October 20, 2021

Violet Evergarden

Kyoto Animation's gorgeously animated Violet Evergarden, based on the light novels by Kana Akatsuki, begins with a premise I didn't expect, then takes off in a different direction from that, and finally ends up in a pleasantly familiar place, albeit with an unusual main character.


The story takes place in an alternate universe Leiden (Holland) shortly after the end of a Great War. As revealed in brief flashbacks, Violet Evergarden was a kind of Wonder Woman during the conflict, a teenage super-soldier paired with her handler, Major Gilbert Bougainvillea.

Although a strategic victory, their last mission leaves Violet without her arms and Major Bougainvillea missing in action and presumed dead. Discharged and fitted with artificial limbs, Violet is handed over to Gilbert's friend and commanding officer, the affable Claudia Hodgins.

The first episode resembles the early chapters of Anne of Green Gables, as Claudia tries to get one of Gilbert's relatives to take in this odd and socially maladroit girl. Like Marilla, Claudia concludes that he is in a better position to look after Violet's interests than anybody else.

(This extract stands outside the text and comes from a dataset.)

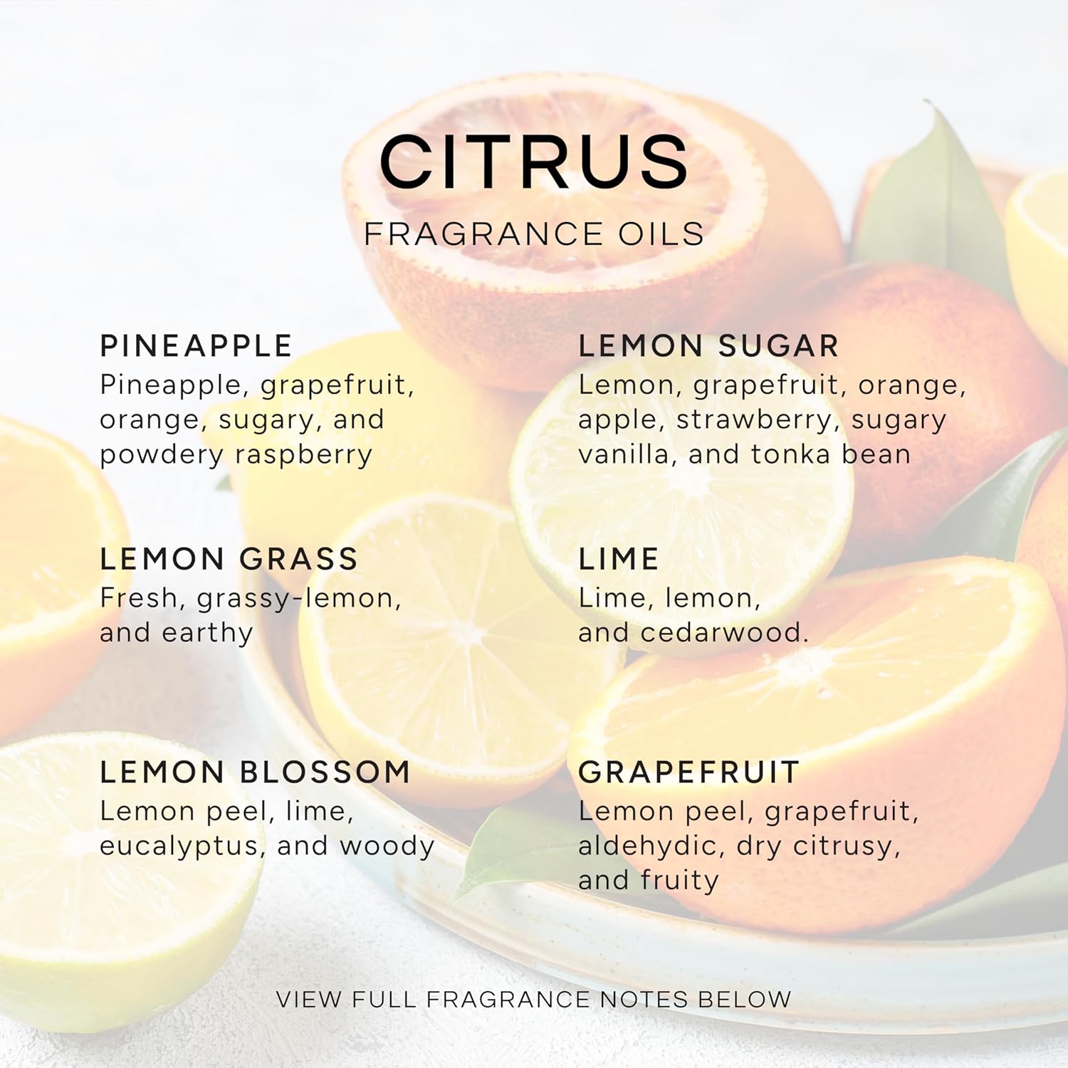 • CITRUS SCENTED OILS: Citrusy smelling scents formulated for making candles, soaps, air freshener sprays, aromatherapy diffusers, dryer sheets and cleaning products. These seasonal essential scents make the perfect gift for the whole family!

Also retired from the military, Claudia runs the CH Postal Company, a secretarial service that makes the most of the word processor of the day, the typewriter. But its real forte is not simply transcribing but composing correspondence for clients who can't write or don't know what to say.

This particular line of business struck another note of familiarity.

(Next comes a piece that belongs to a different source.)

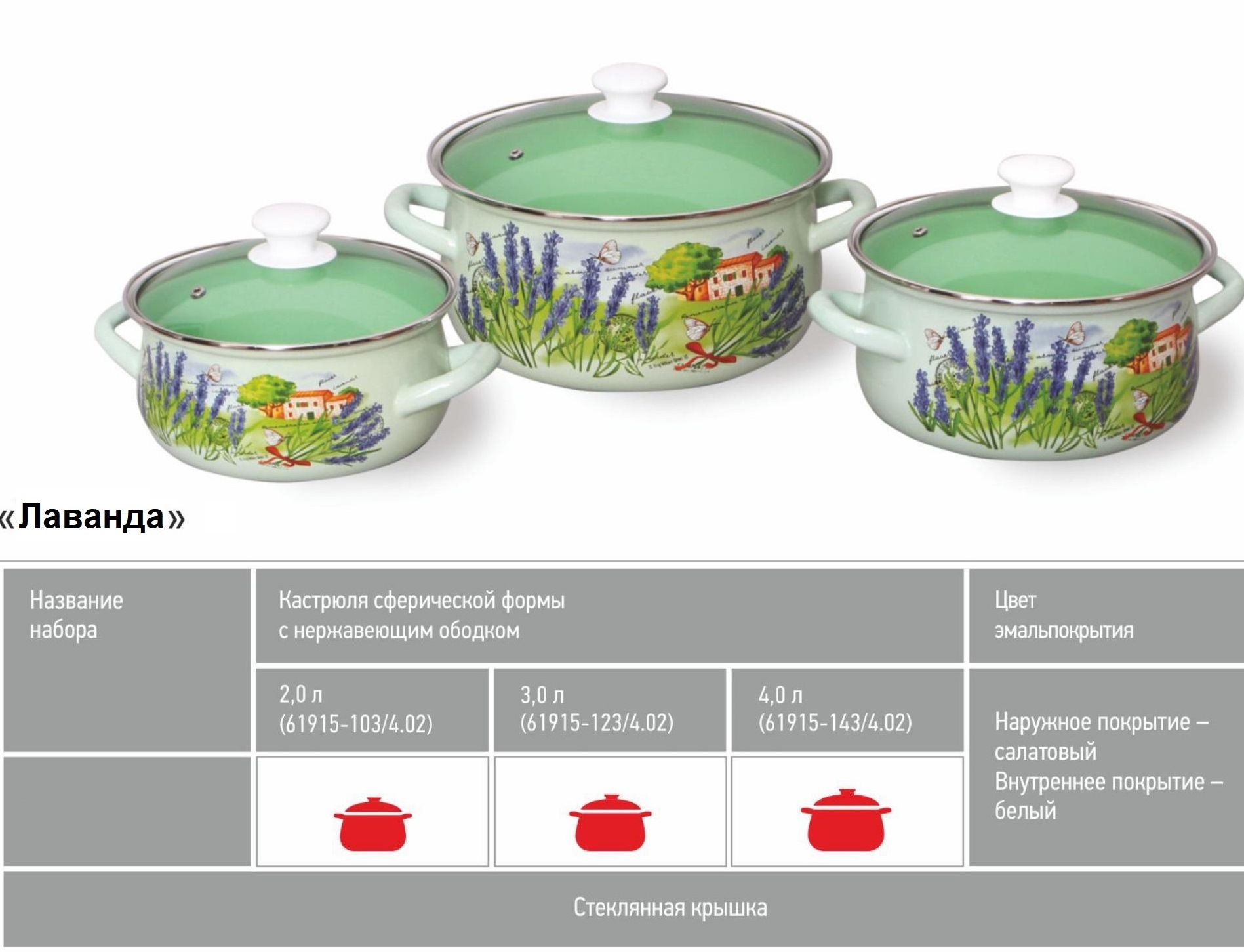 Набор кастрюль эмалированная сталь "Лаванда"

In the NHK drama Tsubaki Stationery Store, when her grandmother dies, Hatoko (Mikako Tabe) inherits her stationery store. The store never sold much actual stationery. Rather, her grandmother wrote letters for people who couldn't find the right words to write what they really meant.

For Hatoko, estranged from her grandmother in the years before her death, picking up where she left off results in an emotional struggle that constitutes the core of the drama.

The demands of such a job present a seemingly insurmountably high hurdle for Violet, not because of her prosthetic hands, with which she can type faster than any of the other "Auto Memory Dolls" (as the typists are known). But because of her complete lack of emotional intelligence.

She is basically a female version of Data from Star Trek. She interprets language literally. Common circumlocutions confuse her. She reflexively salutes her superiors and answers "Ryoukai" to casual requests (the military equivalent of "Aye aye, sir").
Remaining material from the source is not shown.